June 21, the day of the year with the largest amount of hours of sunlight in the northern hemisphere, was nine days ago.  From now on, this year, the numbers of hours of daylight are growing shorter, culminating on December 21, the shortest day of the year.  And, as the earthly seasons change, they continue the cycle of life.  After December 21, the days will start to get longer once again.  On planet earth, this cycle has been going on for millions of years.  Regardless of what we humans do, that cycle will continue.  And that’s a good thing.

But this continuing cycle is not so with animal life.  We animals only get one shot at life… one cycle, one chance to ‘do our thang.’  For those of us who have passed the ¾ century mark in good health, when we look back on our younger days, we can now be simply amazed at this thing called life.  We get to see all of the good things that have happened to us as individuals, as well as all of the unfortunate things that have happened.  It’s all there.  And yes, most of us would likely want a chance to re-do some of our own earlier life events.  But we can’t.  Those days are over.  We are older now.

In my own life, I have gone through many cycles of learning and growth, all done as I fumbled my way through the daily cycle of getting up, dressing, eating, going to work (or whatever), interacting with others, going to bed for new sleep, getting up again, etc.  Because I am so close to me, I find I am my own greatest critic.  Big surprise there, eh?  Yes, I see all of the flaws and all of the mistakes I’ve made.  To be fair and honest, many of what I consider mistakes in 2019, were not viewed as mistakes when they were made by me.  During those earlier times, I was simply immature, or often maybe just ignorant or dumb.  But this is how we live life.  We start out, we learn, we grow, we age, and then we pass.

There was an entertainer some years ago who was asked in an interview why he always chose the hard paths in life.  His response was to ask the interviewer why he (the interviewer) thought that he (the entertainer) ever saw any of his chosen paths as being the hard paths to take.  Great response.  How do we know ahead of doing something?

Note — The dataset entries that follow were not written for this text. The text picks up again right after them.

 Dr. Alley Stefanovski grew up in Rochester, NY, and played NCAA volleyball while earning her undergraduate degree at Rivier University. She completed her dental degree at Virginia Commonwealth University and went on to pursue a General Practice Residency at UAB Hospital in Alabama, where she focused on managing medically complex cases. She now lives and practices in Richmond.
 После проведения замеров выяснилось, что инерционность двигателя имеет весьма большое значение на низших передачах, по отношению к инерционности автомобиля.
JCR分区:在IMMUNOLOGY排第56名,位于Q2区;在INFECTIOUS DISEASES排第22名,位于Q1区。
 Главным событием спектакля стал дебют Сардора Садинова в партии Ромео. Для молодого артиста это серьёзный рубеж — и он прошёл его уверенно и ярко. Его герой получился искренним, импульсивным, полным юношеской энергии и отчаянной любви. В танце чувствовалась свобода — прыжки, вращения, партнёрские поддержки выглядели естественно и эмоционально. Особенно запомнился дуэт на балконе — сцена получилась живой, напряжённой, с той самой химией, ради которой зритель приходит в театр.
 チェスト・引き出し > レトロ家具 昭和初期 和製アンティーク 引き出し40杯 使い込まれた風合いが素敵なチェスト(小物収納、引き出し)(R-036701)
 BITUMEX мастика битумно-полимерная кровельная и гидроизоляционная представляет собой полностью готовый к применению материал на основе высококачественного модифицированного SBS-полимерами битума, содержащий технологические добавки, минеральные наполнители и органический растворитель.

And hence the hidden question, aka the hidden secret, of all of animal life, and why I believe we all do the best we can in life.  We are all different, and we are all individuals, for better or for worse.  Life is an individual struggle, and I believe we all do the best we can.

Remember, when we are young, not one of us is/was given a book that tells us the right way to do things for us individually.  We have to figure all of that out during our own path in life.  There are no gods living among us – no one gets anything perfect.  We all stumble and grope our way through life doing the best we can with what we are able to learn, with what we know, with what intelligence we have, and with what other resources we have available to us.

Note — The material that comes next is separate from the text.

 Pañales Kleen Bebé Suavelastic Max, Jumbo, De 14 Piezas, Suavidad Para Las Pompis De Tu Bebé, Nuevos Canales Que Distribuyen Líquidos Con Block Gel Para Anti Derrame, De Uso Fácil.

Agreed, there are somewhat organized groupings of humans (e.g. family, religion) that allegedly help us try to do our best to learn to survive and thrive.  The first grouping most of us remember and experience is our own family, which for better or worse, is where our own personal history begins and develops.  All of our own personal stories begin at home.  As a result, we are all our own historians, the story tellers of our own life on earth.  And yes, our story can include tales about our lives with family, with people outside our family, with religion, with business, etc.  These are our own stories.  They are all important.

For example, some decades ago, I worked at MIT/IL on the Apollo program.  It was not my first computer programming job, but with hindsight, it may have been one of my more interesting early life technical jobs.  While working at MIT, and while owning an Alfa Romeo rag-top roadster, I became interested in Formula One auto racing.  Thus, in early October, 1968, I traveled to Watkins Glen (NY) Gran Prix with a friend from Costa Rica (Carlos Macaya).  The 400+ mile journey was between post-midnight and 5:50 a.m. for an average trip speed of 78 mph (impossible to do today).  Yes, I was hooked on traveling fast and I did love that Alfa.  Great car.

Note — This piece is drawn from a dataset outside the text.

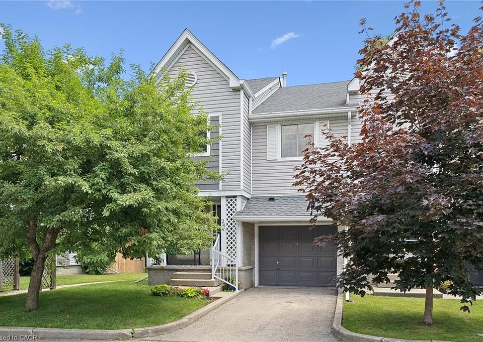 This “Tall Pines” multi-level townhome in Pioneer Park/Doon offers 3 bedrooms, 2 bathrooms, 2 parking spaces (garage and driveway), and updates throughout. Step inside the front door to a welcoming, spacious foyer. There is new flooring from the front door, up the stairs to the open concept living room and up the stairs to the bedrooms. The unit has been freshly painted throughout. The open concept living/dining/kitchen is bright with lots of natural light. Beautiful built-in custom storage in the dining room. Walkout from the living room to a deck that overlooks the yard. Four stainless steel appliances included in the kitchen as well as recent updates: new counters and backsplash and freshly painted white cabinetry. The lower cabinets in the kitchen have pull-out drawers and shelves for maximized storage. The primary bedroom with large walk-in closet offers extra privacy on the upper level. The main bath has been updated with shower, new vanity, custom built-in cabinetry for linens and toiletries. The bright walk-out basement is mostly finished and has a custom built-in entertainment unit. Walkout to a newer deck and fenced yard. Updated furnace and AC in 2022. Reasonable monthly condo fee includes water, roof which has been updated recently, and windows, along with landscaping and snow removal. Amazing location - near Conestoga College, quick access to 401, great amenities close-by include shopping, restaurants, library, park, playground, walking/biking trails, transit. Lots to love about this move-in ready unit – book your showing today!!

And, along with some 90,000+ others, including a few other friends from MIT (like Bill Walsh and my future wife, Judy), we all camped inside the race track and wandered through the race pits taking photos and talking to a few drivers.  What we didn’t know, of course, was who would win the race.  It turns out the 1968 Watkins Glen Gran Prix winner was Jackie Stewart, a wee Scot, who raced his win in a Matra Ford.  Great race, lots of fun camping out, and having beer for breakfast (we had nothing else).

When we got home after the race and printed the race photos (8×10 size), I saved many of these photos.  How long did I save them?  Well, in the mid-1990s, and while living in England, I still had them (that’s about 30 years, Folks).  After a chance meeting with Jackie Stewart at a local dog kennel (at the time, for rabies prevention, all dogs entering England had to be quarantined for six months at an approved kennel, and Jackie was moving to England from Switzerland with dogs), I had him sign copies of the 1968 GP race photos.  Who would have ever seen that one coming?  What a kick!  Thirty years later, on another continent.

I eventually lost or inadvertently threw away the signed photos, and that’s the sad part of the story.  The good part of the story is that I had learned about Formula One racing, met and socialized briefly with one of the world class drivers, and had another story to tell.  Carlos Macaya, my friend, who has now passed away (1943-2016), went on to race his own Alfa in Costa Rica after college, became the Costa Rican importer for Castrol oil products, and eventually became director of the FIA Foundation (Fédération Internationale de l’Automobile).  I last saw Carlos in about 2008 on one of his trips to the USA.  He was driving an older Maserati, a car he stored in the US for his trips up here.  He was a good guy.  I miss him.

https://www.fiafoundation.org/blog/2016/april/carlos-macaya-1943-2016

And thus, the ending of one cycle of life.

My reason for writing all of this is to encourage you to acknowledge and respect your own individual history.  Learn from your own history – your own history is what made you the person you are today.  Respect your own history, and respect others who love and learn from history.

In 2019, the self-anointed and reigning covert power and wealth rulers of earth seem hell-bent on destroying individual history and culture in favor of their own wet dreams of ruling the earth with one culture and one history.  They think they are gods, and yet they also call themselves ‘the great destroyers.’  Don’t let that history destruction happen to you in your own life.  You are human, you are not a god, and you are not a devil.  You are not perfect.  So what.  You will do good in your own life, and you will make mistakes.  You will have fun, and you will experience sadness.  Enjoy it all.  Learn from it all.  Do your best.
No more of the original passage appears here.